The previous videos in this series have examined the Discrete-Time Fourier Series (DTFS) which can be used to represent periodic discrete-time signals in the frequency domain. We use this frequency-domain representation of periodic signals as a starting point to derive the frequency-domain representation of non-periodic signals. This representation is called the Discrete-Time Fourier Transform (DTFT).

Given the non-periodic signal x[k], the DTFT is X(Omega).

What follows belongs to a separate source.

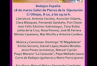 Asisto al 6º Festival Internacional de Poesía y Arte “Grito de Mujer”, organizado por el Grupo Cultural MIGAS. Acto celebrado en la noche del 18 de marzo en el Salón de Plenos de la Diputación de Badajoz, que colaboraba en la actividad, junto a la “Escuela Nuevas Iniciativas Musicales” y “Mujeres Poetas Internacional”.Magnífica representación de escritores, artistas plásticos y musicales, así como presencia de público de todas las edades, sensibilizado ante la problemática de la Mujer, la violencia de género y el sufrimiento en general ante los próximos y los que desde la proximidad o/y la lejanía le someten a la tortura inmemorial.Poesía, relato, información de hechos y circunstancias, música de diversos instrumentos tocados por artistas de todas las edades (incluido prodigiosos niños), voces que cantan hasta lo sublime… Colectivo multiforme, amplio, reunido y presentado por la Presidenta de MIGAS, la escritora Antonia Cerrato, que obró el milagro de un acto dinámico, variado, bien compaginado y sostenidamente atractivo, a pesar de su duración de más de dos horas.Acto emocionadamente seguido por una amplia asistencia, entregada a los que subíamos sucesivamente al “escenario”. Si mayoritariamente se denunció la violencia de género en pareja, no faltó la protesta ante los más variados hechos que victimizan a la mujer de manera especial, con una saña redoblada, de los que las circunstancias de guerra y exilios actuales son una muestra bestial.

Having derived an equation for X(Omega), we work several examples of computing the DTFT in subsequent videos.

#### The Discrete-Time Fourier Transform (DTFT) of a Unit Impulse

11/15/2018

Running Time: 5:02

This and the next few videos work various examples of finding the Discrete-Time Fourier Transform of a discrete-time signal x[k]. In this video, we being with the simplest possible signal, namely, a signal that zero everywhere except for a single value at time k = 0 (e.g. x[k] is the unit impulse function delta[k]).

We compute the DTFT of x[k] to yield X(Omega). We see that X(Omega) is constant for all frequencies. This establishes that a single impulse in the time domain is a constant in the frequency domain.

In the next few videos we continue working examples of the DTFT for increasingly more complicated signals.